This romantic narrative, more suited to a place among the wonders of the “Thousand and One Nights” than to admission into sober history, has been very generally rejected by judicious inquirers such as De Sacy and Wilkin, the able historians of the Crusades; but it has found credence with Hammer, to whose work we are indebted for the far greater part of the present details on the subject of the Assassins. This industrious scholar has, as he thinks, found a proof of its truth in the circumstance of similar narratives occurring in the works of some Arabian writers which treat of the settlements of the society in Syria, forgetting that a fabulous legend is often more widely diffused than sober truth. All, therefore, that can be safely inferred from this collection of authorities is that the same marvellous tale which the Venetian traveller heard in the north of Persia was also current in Syria and Egypt. Its truth must be established by a different species of proof.

In the Siret-al-Hakem (Memoirs of Hakem), a species of Arabian historic romance, the following account of the gardens at Massyat, the chief seat of the Assassins in Syria, was discovered by Hammer :–

“Our narrative now returns to Ismaïl the chief of the Ismaïlites. He took with him his people laden with gold, silver, pearls, and other effects, taken away from the inhabitants of the coasts, and which he had received in the island of Cyprus, and on the part of the king of Egypt, Dhaher, the son of Hakem-biëmr-Illah. Having bidden farewell to the sultan of Egypt at Tripolis, they proceeded to Massyat, when the inhabitants of the castles and fortresses assembled to enjoy themselves, along with the chief  and his people. They put on the rich dresses with which the sultan had supplied them, and adorned the castle of Massyat with everything that was good and fine. Ismaïl made his entry into Massyat with the Devoted (Fedavee), as no one has ever done at Massyat before him or after him. He stopped there some time to take into his service some more persons whom he might make Devoted both in heart and body.

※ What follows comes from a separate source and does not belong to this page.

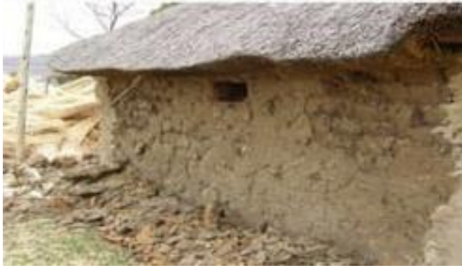
Figure.1 the origin of composite materials

The history of the creation of composite materials goes back to the beginning of the development of civilization. The history of man's use of composite materials has a long history, for the first time people learned the idea of composite materials from nature. The first bricks and pottery, found before 5000 BC, were considered to be complex sun-dried products. But it was observed that their shrinkage during cooking causes the product to crack. In order to prevent this phenomenon, since ancient times, sand and organic additives (such as straw, river reeds) were added to the clay-soil and a composite material was obtained [5].

“With this view he had caused to be made a vast garden, into which he had water conducted. In the middle of this garden he built a kiosk raised to the height of four stories. On each of the four sides were richly-ornamented windows joined by four arches, in which were painted stars of gold and silver. He put into it roses, porcelain, glasses, and drinking-vessels of gold and silver. He had with him Mamlooks (i.e. slaves), ten males and ten females, who were come with him from the region of the Nile, and who had scarcely attained the age of puberty. He clothed them in silks and in the finest stuffs, and he gave unto them bracelets of gold and of silver. The columns were overlaid with musk and with amber, and in the four arches of the windows he set four caskets, in which was the purest musk. The columns were polished, and this place was the retreat of the slaves. He divided the garden into four parts. In the first of these were pear-trees, apple-trees, vines, cherries, mulberries, plums, and other kinds of fruit-trees. In the second were oranges, lemons, olives, pomegranates, and other fruits. In the third were cucumbers, melons, leguminous plants, &c. In the fourth were roses, jessamine, tamarinds, narcissi, violets, lilies, anemonies, &c. &c.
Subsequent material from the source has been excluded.